• _What the exercise asks_
Each line from the one containing "Você terá acesso" through the last line of the data below should be printed exactly, please, with any pictures omitted.

──────── Collected data

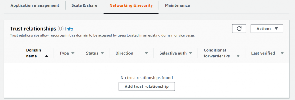 b. Dentro deste diretório, selecionamos “Networking & security” e posteriormente a opção “Add trust relationship”.
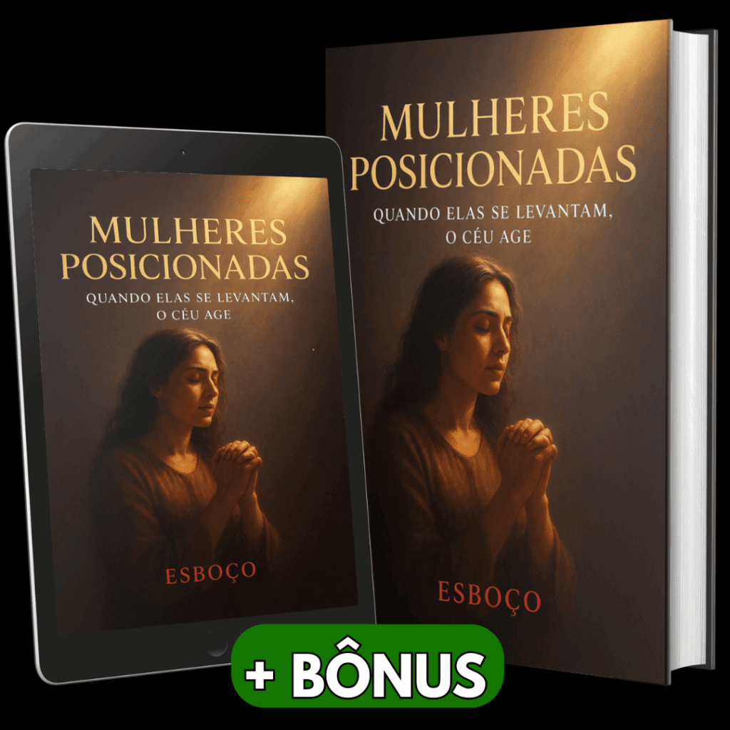 Você terá acesso ao Esboço Poderoso “Mulheres Posicionadas – Quando Elas Se Levantam, o Céu Age”, com revelações bíblicas profundas, aplicações práticas e um apelo transformador, para pregar com ousadia, despertar o chamado de outras mulheres e liberar o mover de Deus por onde passar!
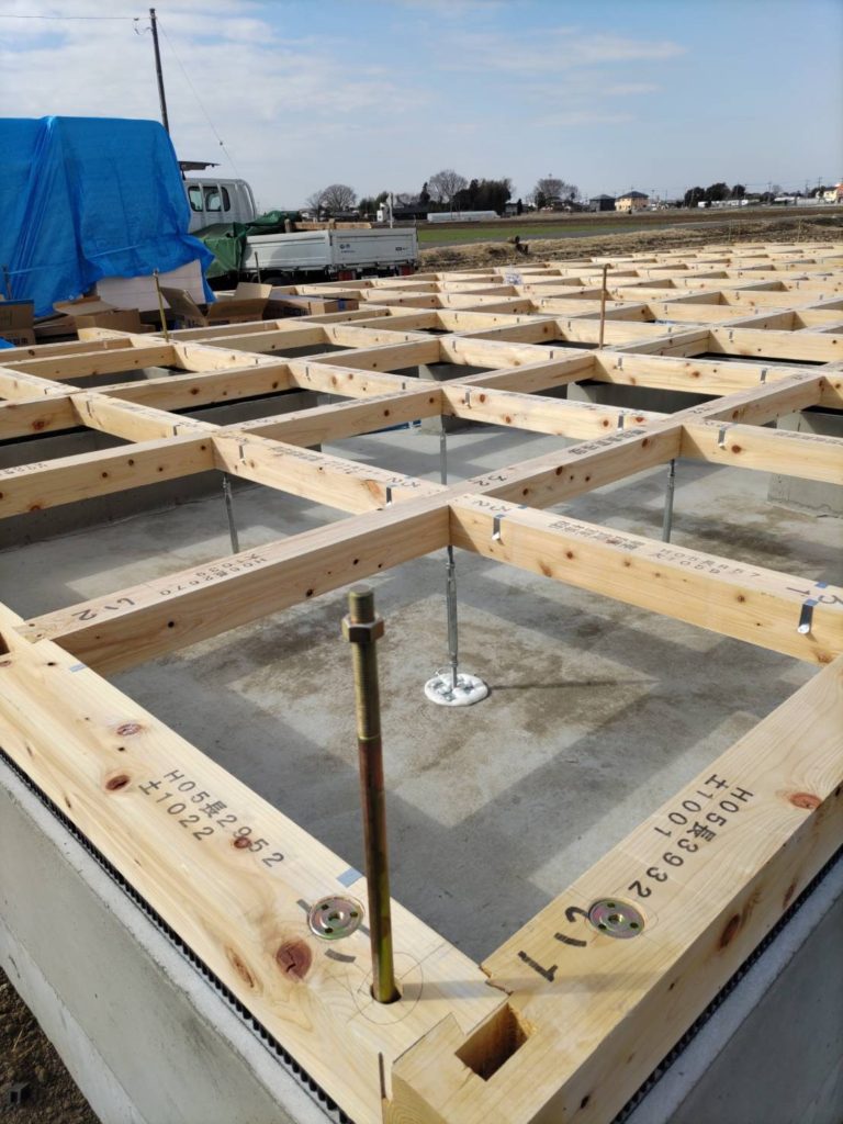 筑西市・K様邸新築工事⑥2022年3月7日 コンクリート立ち上がりの基礎部分と土台の木材の間にパッキンを挟みます。 アンカーボルトを利用して土台の木材をしっかりと設置していきます。 断熱材を敷き詰め、床合板を張ります。広くて気持ちいいですね~♪ カテゴリ:お知らせ/新着情報 進行中物件

────────────────

• _Problem solution_
 Você terá acesso ao Esboço Poderoso “Mulheres Posicionadas – Quando Elas Se Levantam, o Céu Age”, com revelações bíblicas profundas, aplicações práticas e um apelo transformador, para pregar com ousadia, despertar o chamado de outras mulheres e liberar o mover de Deus por onde passar!
 筑西市・K様邸新築工事⑥2022年3月7日 コンクリート立ち上がりの基礎部分と土台の木材の間にパッキンを挟みます。 アンカーボルトを利用して土台の木材をしっかりと設置していきます。 断熱材を敷き詰め、床合板を張ります。広くて気持ちいいですね~♪ カテゴリ:お知らせ/新着情報 進行中物件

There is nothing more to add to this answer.